What you need to do: When you reach the line below that has "Sutiã possui bojo", start returning lines exactly, and stop after the line that has "강 시장은 또 인근 상가"; skip the pictures.

Data for this task:
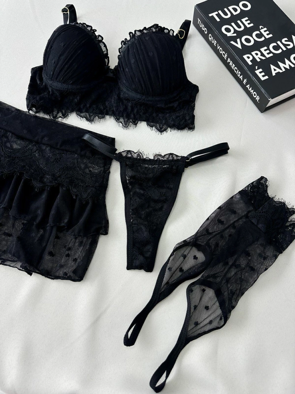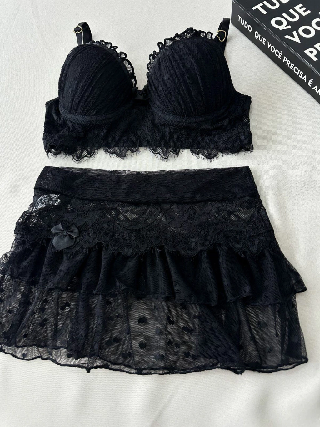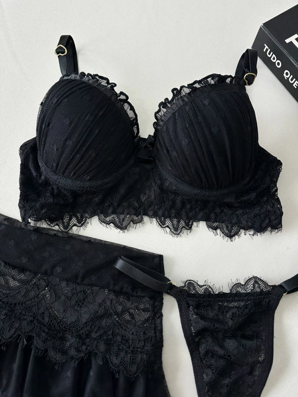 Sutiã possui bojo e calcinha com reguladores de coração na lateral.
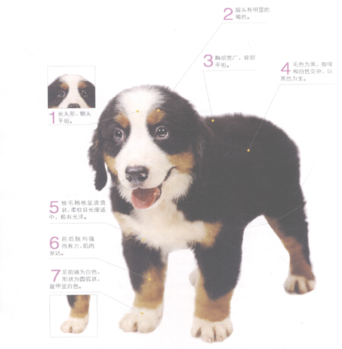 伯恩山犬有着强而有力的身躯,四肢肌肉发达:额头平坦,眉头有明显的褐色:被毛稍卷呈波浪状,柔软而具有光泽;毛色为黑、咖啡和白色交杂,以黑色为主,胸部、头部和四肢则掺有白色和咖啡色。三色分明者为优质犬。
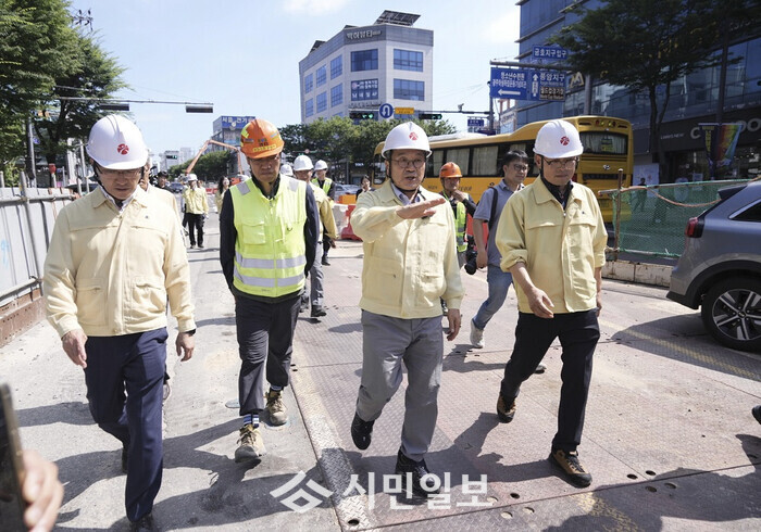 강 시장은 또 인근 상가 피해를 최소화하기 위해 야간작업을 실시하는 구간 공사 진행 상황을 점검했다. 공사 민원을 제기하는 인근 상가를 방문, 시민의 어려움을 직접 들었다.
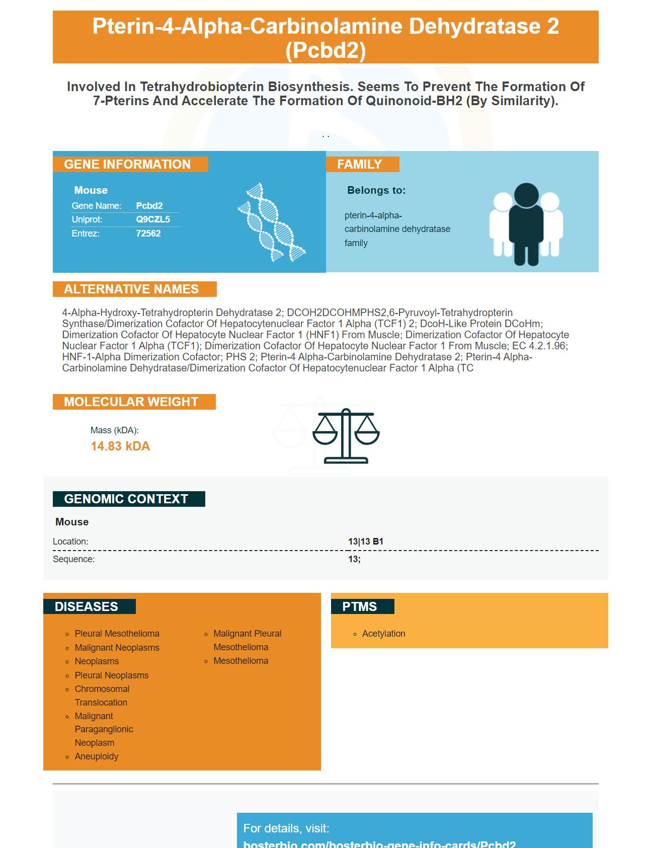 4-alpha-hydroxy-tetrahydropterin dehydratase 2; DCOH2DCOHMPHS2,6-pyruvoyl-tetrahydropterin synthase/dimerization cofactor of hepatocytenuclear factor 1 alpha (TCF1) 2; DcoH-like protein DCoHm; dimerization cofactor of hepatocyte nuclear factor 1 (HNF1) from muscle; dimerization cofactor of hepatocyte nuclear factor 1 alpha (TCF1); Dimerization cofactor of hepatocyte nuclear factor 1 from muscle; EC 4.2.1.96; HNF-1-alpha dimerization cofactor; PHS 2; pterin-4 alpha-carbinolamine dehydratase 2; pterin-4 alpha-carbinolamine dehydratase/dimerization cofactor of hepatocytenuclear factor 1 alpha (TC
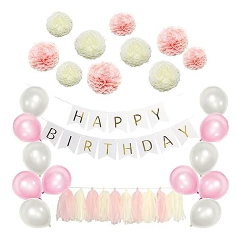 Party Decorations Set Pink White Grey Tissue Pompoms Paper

...

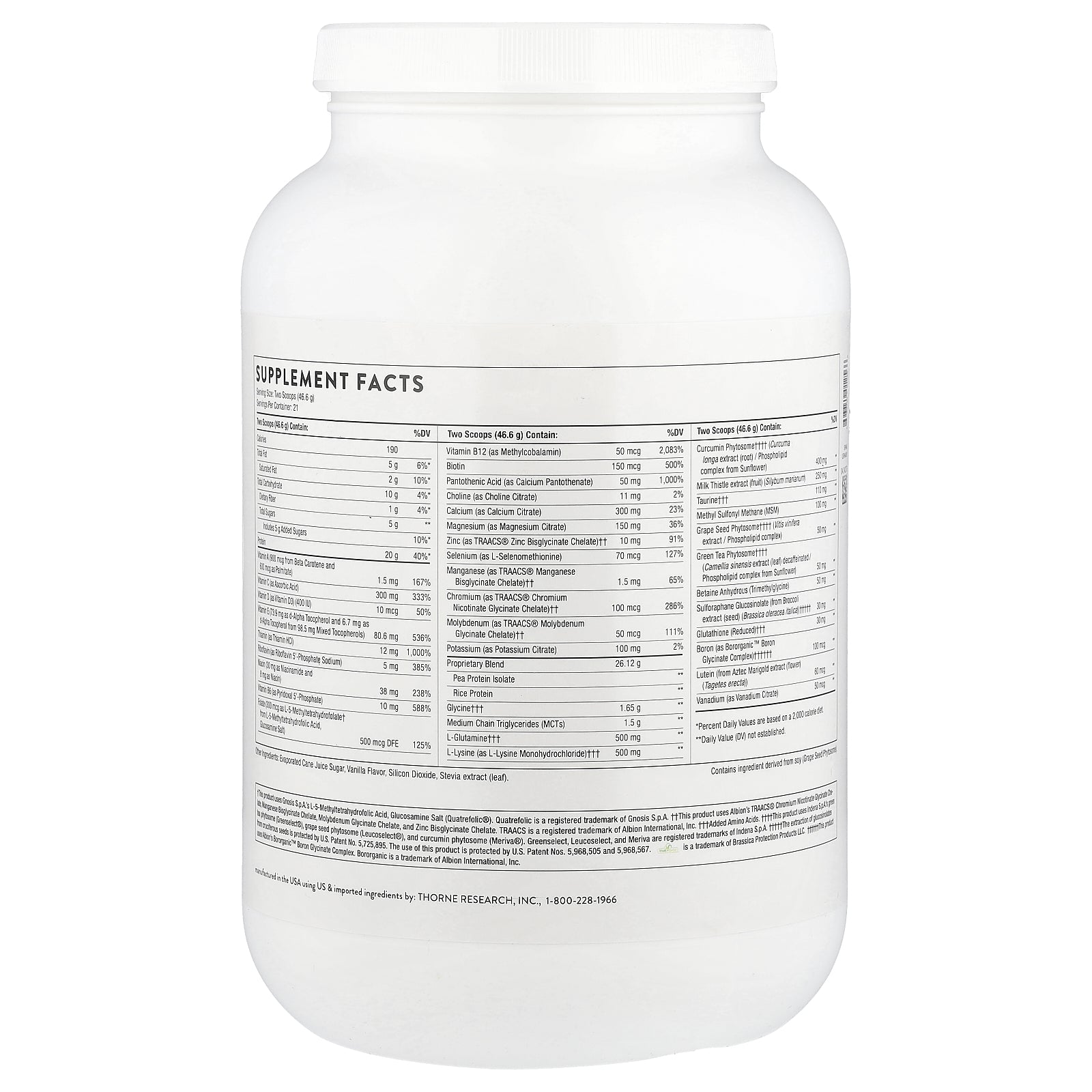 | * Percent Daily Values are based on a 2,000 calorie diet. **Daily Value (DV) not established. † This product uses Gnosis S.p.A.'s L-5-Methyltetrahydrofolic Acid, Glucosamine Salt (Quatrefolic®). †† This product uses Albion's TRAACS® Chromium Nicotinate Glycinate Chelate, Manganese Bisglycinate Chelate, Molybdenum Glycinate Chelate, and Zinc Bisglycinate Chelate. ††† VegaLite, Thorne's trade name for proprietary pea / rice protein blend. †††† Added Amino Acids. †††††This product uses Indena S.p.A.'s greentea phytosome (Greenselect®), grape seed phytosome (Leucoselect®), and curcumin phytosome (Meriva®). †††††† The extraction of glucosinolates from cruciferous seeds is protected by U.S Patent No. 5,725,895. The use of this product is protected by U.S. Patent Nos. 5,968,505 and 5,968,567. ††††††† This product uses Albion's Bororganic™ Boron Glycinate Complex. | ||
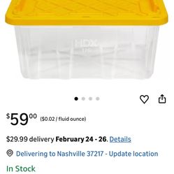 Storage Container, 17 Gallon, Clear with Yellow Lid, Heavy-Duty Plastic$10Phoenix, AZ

---

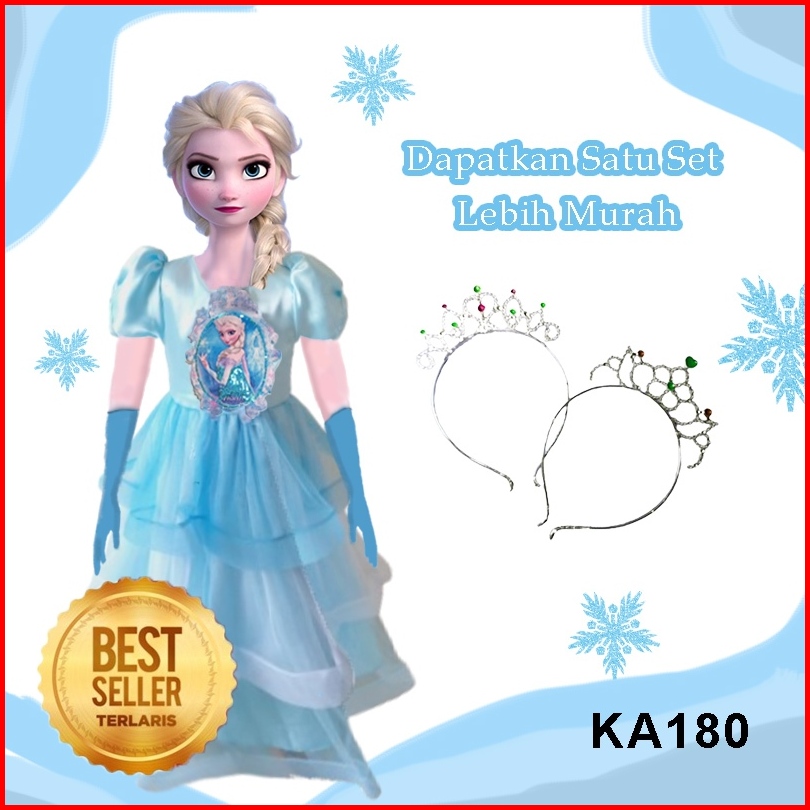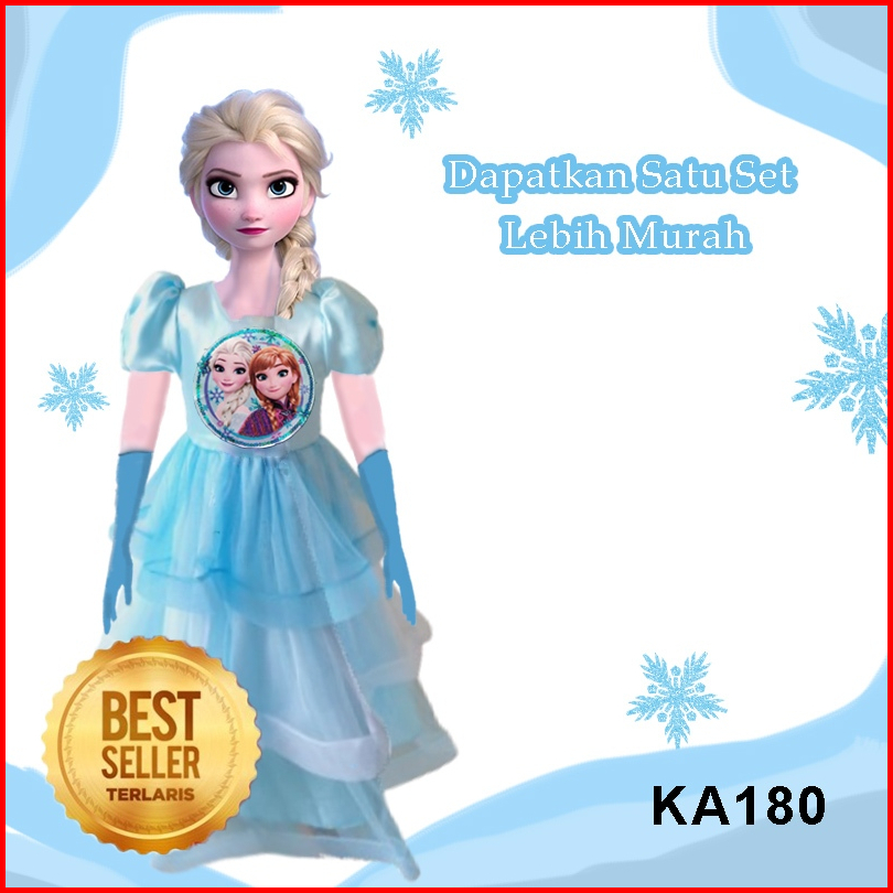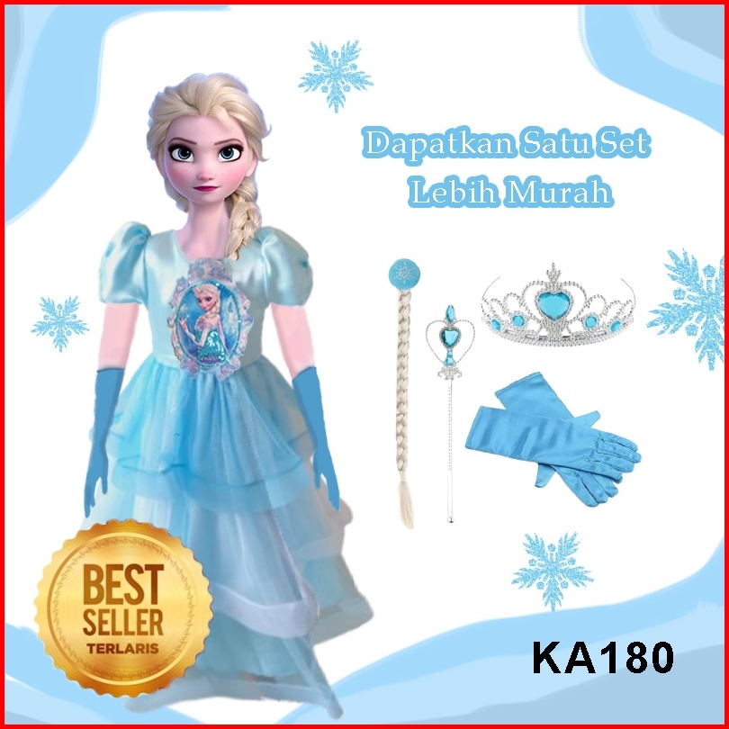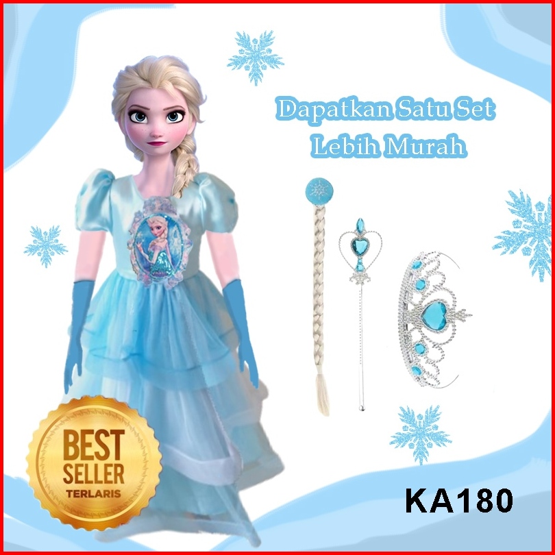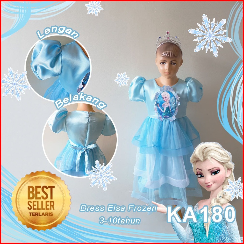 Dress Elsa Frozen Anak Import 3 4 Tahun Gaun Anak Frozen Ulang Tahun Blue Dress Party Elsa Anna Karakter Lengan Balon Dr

Answer space:
 Sutiã possui bojo e calcinha com reguladores de coração na lateral.
 伯恩山犬有着强而有力的身躯,四肢肌肉发达:额头平坦,眉头有明显的褐色:被毛稍卷呈波浪状,柔软而具有光泽;毛色为黑、咖啡和白色交杂,以黑色为主,胸部、头部和四肢则掺有白色和咖啡色。三色分明者为优质犬。
 강 시장은 또 인근 상가 피해를 최소화하기 위해 야간작업을 실시하는 구간 공사 진행 상황을 점검했다. 공사 민원을 제기하는 인근 상가를 방문, 시민의 어려움을 직접 들었다.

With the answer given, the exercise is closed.